Relief for Nestle India as Bombay HC allows it to export Maggi
The Bombay high court on Tuesday permitted Nestle India to export all nine variants of Maggi even as the ban on selling the two-minute noodle within the country will continue.india Updated: Jun 30, 2015 17:36 IST
The Bombay high court on Tuesday permitted Nestle India to export all nine variants of Maggi even as the ban on selling the two-minute noodles within the country will continue.
Nestle India's senior counsel Iqbal Chagla informed the division bench of justice VM Kanade and justice BP Colabawala that 40,000 crore packets were to be recalled from across the country. He added 17,000 crore packets have already been destroyed and also assured the court that the process will be completed by the end of July.
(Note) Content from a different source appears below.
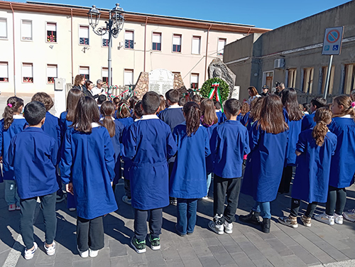 Alla cerimonia, svoltasi presso il monumento ai caduti, hanno presenziato il Vice Sindaco Alberto Pittoni e la Stazione dei Carabinieri. Dopo i saluti del Vice Sindaco gli alunni hanno recitato pensieri e poesie sulla Pace. La cerimonia si è conclusa con il canto dell'Inno Nazionale. <Ricordare i caduti di ogni guerra come hanno fatto gli scolari - ha sottolineato la referente scolastica Daniela Massa - continuerà ad insegnarci quanto il loro sacrificio sarà sempre un valore prezioso per la pace e per l'umanità>. Tito Siddi

Chagla, who was arguing against the ban on the brand by the Food Safety and Standards Authority of India (FSSAI) and later Maharashtra's food safety commissioner, told the court that he had received affidavits from these authorities, and requested the court for final hearing. The matter was then adjourned for July 14.
To Chagla's submission that packets of Maggi were being destroyed, government counsel Mehmood Pracha said, "Why blame us... If the company claims that its product is safe and follows the safety standards then let them export it instead of destroying."
In its affidavit filed in the Bombay high court, FSSAI has submitted that there was no anomaly in its order to recall Maggi from outlets across India as well as to stop its production. The food regulator also said the directives, which were issued to Nestle India, were well within its powers under the food safety and standards act.
FSSAI said that without a risk assessment and the grant of product approval the product could not be allowed to remain in the market.
The state FDA in its affidavit has also strongly defended its action to prohibit the manufacture, storage, distribution and sale of Maggi noodles.
On June 5, 2015, FSSAI had imposed ban on all nine variants of Maggi after finding that the Tastemaker added to the product while cooking contained lead to the extent of 4.6 parts per million - in excess of the permissible limit of 2.5 ppm. The order also required Nestle India not just to recall all the nine variants of Maggi but also stop production and distribution of the product in the market.
A day later, Maharashtra's food safety commissioner issued a formal order imposing a ban on the products across the state and ordered the company to recall all the products from the market.